Actually I haven't noticed any problems of any kind with it, other than a couple of my books that aren't set up so that I can go to the next chapter by moving the 5-way to the right. But that isn't my Kindle's fault. I have been dealing with this by bookmarking the first page of each chapter, since I like to go back and re-read certain chapters sometimes.


----------



## dano2112 (May 12, 2010)

Howdy, everyone.

I've got a K2 that I received as a Christmas gift a few months ago.  About a month ago, I noticed trouble with the Back button but I didn't think too much about it.  As others stated, I first noticed it when using the Dictionary.  Instead of being able to go Back to where I left off, I had to use the Home button instead and then click on the book again.  This morning, I was trying to browse in the Kindle Store and the same thing happened.  Once I selected an item to read its description, I could not go Back to the previous screen.  I had to close out of the Store completely and then re-enter it.  Très annoying!

So, a quick search using the Goog led me here and the rest is history.  I turned the K2 off completely (no sleep mode) and then held the power switch over to the right about 45 seconds.  Then I flipped the switch quickly to turn it on normally.  I saw the initial Kindle screen with the progress bar on the bottom and once it completely booted, the Back button was "back" in action!

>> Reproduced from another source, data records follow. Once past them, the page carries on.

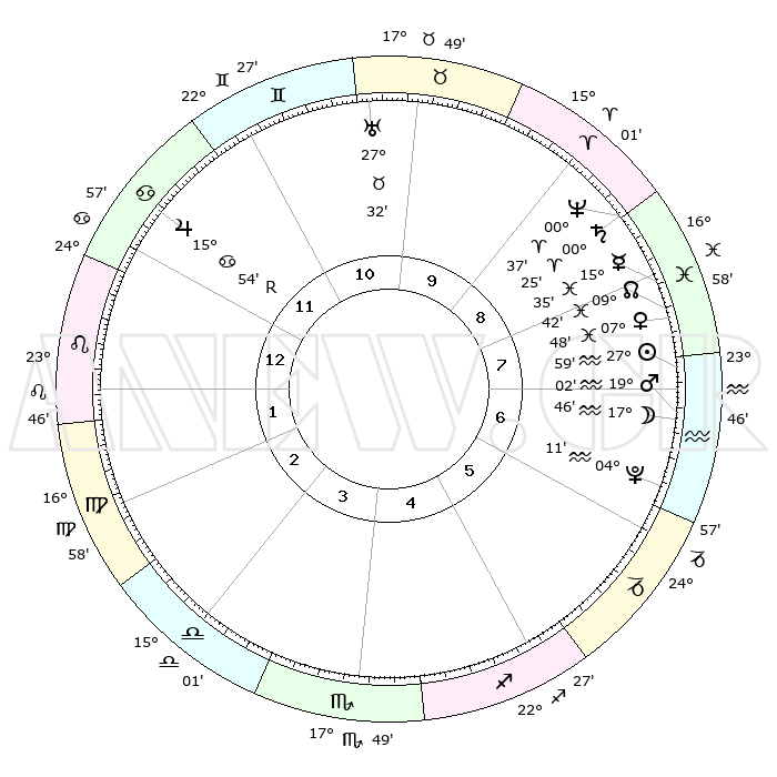 | | ΘΕΣΕΙΣ ΠΛΑΝΗΤΩΝ ΑΣΤΡΟΛΟΓΙΚΟΥ ΧΑΡΤΗ ΤΗΣ ΣΤΙΓΜΗΣ ΑΥΤΗΣ | | | | Πλανήτης | Ζώδιο | Μοίρες | Δεκαήμ. | Σε οίκο | Απόκλιση | | Ακμές των οίκων | | Ηλιος | Υδροχόος | 27°55' | Τρίτο | 7 | 12 S 12 | | 1ος | 06°40' | Λέων | | Σελήνη | Υδροχόος | 16°60' | Δεύτερο | 7 | 17 S 37 | | 2ος | 28°13' | Λέων | | Ερμής | Ιχθείς | 15°30' | Δεύτερο | 8 | 05 S 20 | | 3ος | 24°10' | Παρθένος | | Αφροδίτη | Ιχθείς | 07°44' | Πρώτο | 8 | 10 S 02 | | 4ος | 25°56' | Ζυγός | | Αρης | Υδροχόος | 18°59' | Δεύτερο | 7 | 16 S 09 | | 5ος | 01°44' | Τοξότης | | Δίας | Καρκίνος | 15°54'R | Δεύτερο | 12 | 22 N 49 | | 6ος | 06°22' | Αιγόκερως | | Κρόνος | Κριός | 00°24' | Πρώτο | 9 | 01 S 49 | | 7ος | 06°40' | Υδροχόος | | Ουρανός | Ταύρος | 27°32' | Τρίτο | 10 | 19 N 25 | | 8ος | 28°13' | Υδροχόος | | Ποσειδώνας | Κριός | 00°37' | Πρώτο | 9 | 00 S 57 | | 9ος | 24°10' | Ιχθείς | | Πλούτωνας | Υδροχόος | 04°11' | Πρώτο | 6 | 22 S 56 | | 10ος | 25°56' | Κριός | | Β. Δεσμός | Ιχθείς | 09°42' | Πρώτο | 8 | 07 S 56 | | 11ος | 01°44' | Δίδυμοι | | Ωροσκόπος | Λέων | 06°40' | Πρώτο | | | 12ος | 06°22' | Καρκίνος | | Μεσουράνημα | Κριός | 25°56' | Τρίτο | | | |
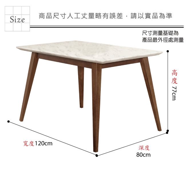 材質 | ◆產品名稱:【綠家居】哈利4尺雲紋石面實木餐桌 餐桌尺寸:(寬)120x(深)80x(高)77/公分 ◆材質: 材質:橡膠木實木+防潮實木腳座+15mm雲紋石面桌面板+表面採用防潮耐磨噴漆處理
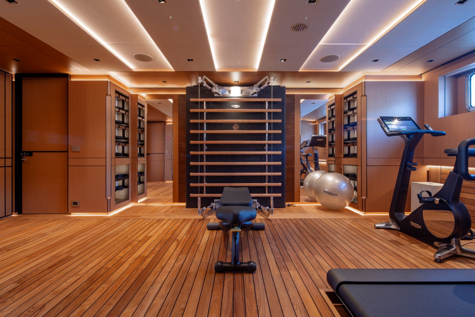 The Lower Deck hosts a wellness area complete with gym, spa, sauna, steam room, and massage space. The Main Salon, with its grand piano, opens onto the cockpit and Oasis Deck, creating a seamless flow between interiors and exteriors.
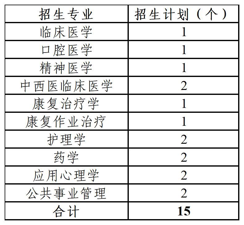 临床医学、口腔医学、精神医学、中西医临床医学、护理学、药学、康复治疗学、康复作业治疗、应用心理学、公共事业管理等十个本科专业。

Thanks to others for this tip!
Dan


----------



## JCinnamon (Jun 24, 2010)

Hi everybody.  I'm new to Kindle Boards because I have a new Kindle.  But I'm also having that Back Button issue.  First time it reared it's ugly head I called Kindle CS and they talked me through the Menu -> Settings -> Menu -> Restart fix.  So now I know how to fix the problem when it happens, but how do I keep it from happening?  It's pretty annoying.


----------



## MAGreen (Jan 5, 2009)

If it keeps happening, then I would call Kindle CS again and ask to have it replaced.


----------



## pidgeon92 (Oct 27, 2008)

It's a computer of sorts. Sometimes it just needs rebooting. Nothing you can do to prevent it.


----------